I have an org file with all the papers submitted to an academic conference, that has an org table that looks like this:

|    # | Title & CVPR page                                                                                                                                   | arXiv |
|------+-----------------------------------------------------------------------------------------------------------------------------------------------------+-------|
|      | <50>                                                                                                                                                |       |
|    1 | [[https://openaccess.thecvf.com/content/CVPR2021/html/Liu_Invertible_Denoising_Network_A_Light_Solution_for_Real_Noise_Removal_CVPR_2021_paper.html][Invertible Denoising Network: A Light Solution for Real Noise Removal]]                                                                               | [[http://arxiv.org/abs/2104.10546][arXiv]] |
|    2 | [[https://openaccess.thecvf.com/content/CVPR2021/html/Wu_Greedy_Hierarchical_Variational_Autoencoders_for_Large-Scale_Video_Prediction_CVPR_2021_paper.html][Greedy Hierarchical Variational Autoencoders for Large-Scale Video Prediction]]                                                                       |       |
|    3 | [[https://openaccess.thecvf.com/content/CVPR2021/html/Pony_Over-the-Air_Adversarial_Flickering_Attacks_Against_Video_Recognition_Networks_CVPR_2021_paper.html][Over-the-Air Adversarial Flickering Attacks Against Video Recognition Networks]]                                                                      | [[http://arxiv.org/abs/2002.05123][arXiv]] |
|    4 | [[https://openaccess.thecvf.com/content/CVPR2021/html/Feng_Encoder_Fusion_Network_With_Co-Attention_Embedding_for_Referring_Image_Segmentation_CVPR_2021_paper.html][Encoder Fusion Network With Co-Attention Embedding for Referring Image Segmentation]]                                                                 | [[http://arxiv.org/abs/2105.01839][arXiv]] |

There are 1659 rows in this table. WHen I save it file, Emacs locks up for around a minute while org-roam-db-update-file adds a row to the links table for every one of those http links.

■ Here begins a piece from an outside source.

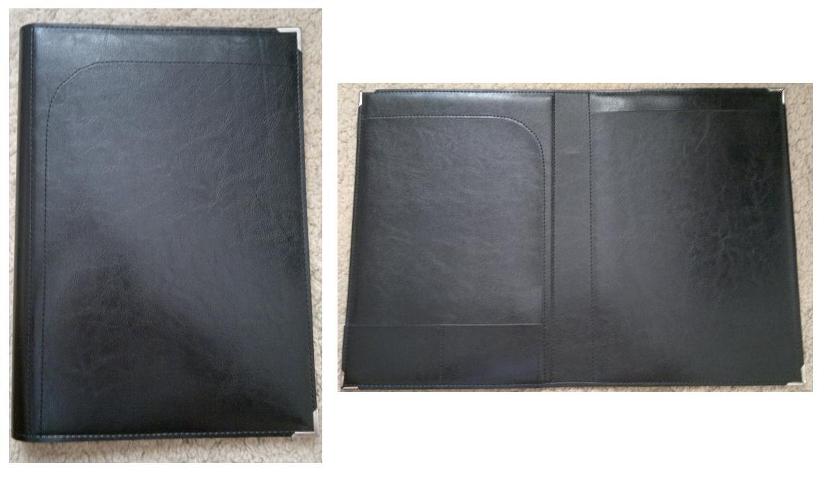 - sisäosat: pyöreäkulmainen tasku, tasku(t) käyntikortille ja paikat kynälle + lehtiölle

I was kind of expecting there to be a configurable variable to turn off capturing http type links at all – but from the implementation of org-roam-db-update-file, which has

          (org-roam-db-map-links
           (list #'org-roam-db-insert-link)))))))

and the implementation of org-roam-db-map-links which is

(defun org-roam-db-map-links (fns)
  "Run FNS over all links in the current buffer."
  (org-with-point-at 1
    (org-element-map (org-element-parse-buffer) 'link
      (lambda (link)
        (dolist (fn fns)
          (funcall fn link))))))

(BTW what language should I be putting on the Markdown code block so elisp formats correctly? I forget. I tried a few things like lisp, elisp, emacs-lisp, but none worked)

I am not seeing any easily configurable way to just ignore URLs which looking at org-mode style links.

I don’t find the http links to be particularly helpful – do others? I am thinking of ways to just disable their collection across the board. They clutter up org-roam-graphs, and I don’t use them for organization in any way that I’m aware of.

Greg

I don’t use URLs in my notes but I believe storing http(s) links is for roam_refs. In this post I attempted to describe what they do. It was for V1 but I think it still applies to V2 – please correct me if I’m mistaken.

Re how to ignore http links for caching, org-roam-db-map-links is called like this.

            (org-roam-db-map-links
             info
             (list #'org-roam-db-insert-link))

Perhaps you could simply override org-roam-db-insert-link and ignore links of type “http” or something for web – I believe the type variable can be used to single out ID links.